Fig. 11

Effect of AP5 on interneuron responses measured by 2-photon Ca²⁺ imaging. (A) Odor-evoked Ca²⁺ signals in interneurons before, during and after application of AP5 (stimulus: food odor). (B) Average somatic Ca²⁺ signals before (control) and during application of AP5, normalized to control. Error bars show standard deviation. (C) Cumulative distribution of Ca²⁺ signal amplitudes before (black) and during (red) application of AP5. (D) Comparison of Ca²⁺ signal amplitudes evoked by the same odors in the same interneurons before and during application of AP5. r, Pearson correlation coefficient. Inset shows the density of data points in the boxed region. Lines are diagonals with slope one. (E) Left: interneuron odor responses ranked according to the Ca²⁺ signal before application of AP5. Data were pooled over all cells, odors and anminals (n = 14884 responses).
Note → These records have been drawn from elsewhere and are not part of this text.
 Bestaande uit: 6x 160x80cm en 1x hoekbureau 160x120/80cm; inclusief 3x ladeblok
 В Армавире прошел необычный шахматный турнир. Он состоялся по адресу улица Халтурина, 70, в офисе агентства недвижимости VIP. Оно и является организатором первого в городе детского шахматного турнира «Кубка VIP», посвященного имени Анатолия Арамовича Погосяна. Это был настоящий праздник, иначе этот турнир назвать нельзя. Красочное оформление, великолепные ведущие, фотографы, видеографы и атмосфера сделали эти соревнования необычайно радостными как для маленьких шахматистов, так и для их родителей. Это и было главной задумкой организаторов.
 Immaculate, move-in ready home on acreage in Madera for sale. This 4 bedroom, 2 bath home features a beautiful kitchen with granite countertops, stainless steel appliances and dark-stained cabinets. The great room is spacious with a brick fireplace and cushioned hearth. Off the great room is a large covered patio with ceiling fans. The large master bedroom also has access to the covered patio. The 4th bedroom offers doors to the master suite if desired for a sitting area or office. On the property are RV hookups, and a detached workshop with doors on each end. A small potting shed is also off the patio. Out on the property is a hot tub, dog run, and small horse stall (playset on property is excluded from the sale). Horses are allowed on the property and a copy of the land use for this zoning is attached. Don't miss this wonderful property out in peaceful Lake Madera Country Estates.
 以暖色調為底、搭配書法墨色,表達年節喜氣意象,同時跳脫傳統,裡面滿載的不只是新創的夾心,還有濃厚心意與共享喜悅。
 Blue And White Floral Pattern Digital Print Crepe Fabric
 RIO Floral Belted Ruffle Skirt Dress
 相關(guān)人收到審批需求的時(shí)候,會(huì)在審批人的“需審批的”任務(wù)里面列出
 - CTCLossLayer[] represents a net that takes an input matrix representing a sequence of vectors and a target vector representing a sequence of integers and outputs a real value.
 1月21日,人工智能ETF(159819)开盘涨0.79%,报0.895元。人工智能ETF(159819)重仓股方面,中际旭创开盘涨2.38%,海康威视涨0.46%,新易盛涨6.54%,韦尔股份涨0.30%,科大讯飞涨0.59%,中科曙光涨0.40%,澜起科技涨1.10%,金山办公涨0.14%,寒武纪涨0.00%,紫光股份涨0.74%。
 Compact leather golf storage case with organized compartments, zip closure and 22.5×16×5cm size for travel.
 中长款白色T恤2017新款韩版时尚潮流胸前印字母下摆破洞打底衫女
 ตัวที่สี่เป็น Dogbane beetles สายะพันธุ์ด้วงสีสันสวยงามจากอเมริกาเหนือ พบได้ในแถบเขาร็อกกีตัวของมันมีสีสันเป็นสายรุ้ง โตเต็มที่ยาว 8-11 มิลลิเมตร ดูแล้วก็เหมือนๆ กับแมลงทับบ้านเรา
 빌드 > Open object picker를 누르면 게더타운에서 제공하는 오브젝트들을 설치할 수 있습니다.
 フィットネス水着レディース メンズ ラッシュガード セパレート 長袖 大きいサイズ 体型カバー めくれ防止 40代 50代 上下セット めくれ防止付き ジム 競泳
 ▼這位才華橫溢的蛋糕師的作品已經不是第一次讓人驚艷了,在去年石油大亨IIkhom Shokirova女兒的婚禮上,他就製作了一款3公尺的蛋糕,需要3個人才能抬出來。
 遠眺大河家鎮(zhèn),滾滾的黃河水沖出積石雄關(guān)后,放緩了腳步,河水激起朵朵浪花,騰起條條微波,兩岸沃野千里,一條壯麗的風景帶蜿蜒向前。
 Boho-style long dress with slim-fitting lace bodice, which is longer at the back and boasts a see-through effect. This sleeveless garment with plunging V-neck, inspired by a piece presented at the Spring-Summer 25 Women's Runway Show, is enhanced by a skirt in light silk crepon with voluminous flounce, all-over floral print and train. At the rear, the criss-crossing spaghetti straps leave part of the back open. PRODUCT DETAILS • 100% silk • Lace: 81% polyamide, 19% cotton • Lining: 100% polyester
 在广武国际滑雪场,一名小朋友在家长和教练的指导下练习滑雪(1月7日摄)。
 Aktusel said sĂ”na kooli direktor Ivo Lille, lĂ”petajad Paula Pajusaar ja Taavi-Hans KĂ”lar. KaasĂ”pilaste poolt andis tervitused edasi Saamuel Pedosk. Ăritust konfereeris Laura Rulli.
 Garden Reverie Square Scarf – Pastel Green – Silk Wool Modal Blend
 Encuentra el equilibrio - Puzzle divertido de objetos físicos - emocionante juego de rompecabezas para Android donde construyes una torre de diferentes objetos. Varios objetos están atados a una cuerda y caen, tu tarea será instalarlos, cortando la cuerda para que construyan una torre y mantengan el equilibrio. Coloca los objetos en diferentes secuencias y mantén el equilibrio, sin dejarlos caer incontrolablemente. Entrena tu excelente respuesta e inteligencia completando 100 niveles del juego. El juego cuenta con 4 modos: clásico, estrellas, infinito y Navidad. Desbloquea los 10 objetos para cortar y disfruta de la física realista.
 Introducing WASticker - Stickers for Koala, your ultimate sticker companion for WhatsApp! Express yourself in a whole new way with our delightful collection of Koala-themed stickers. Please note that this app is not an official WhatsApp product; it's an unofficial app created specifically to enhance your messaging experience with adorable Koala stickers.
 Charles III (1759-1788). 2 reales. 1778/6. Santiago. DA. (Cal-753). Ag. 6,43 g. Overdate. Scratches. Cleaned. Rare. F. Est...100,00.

Right: Responses of the same interneurons to the same odors in the presence of AP5, ranked in the same order as in the control. Inset shows an enlargement of a subregion to demonstrate that low-amplitude values are interspersed between high amplitude values. The visual impression in the full diagram that many amplitudes are increased during AP5 treatment is therefore an artifact caused by crowding of bars in the graph.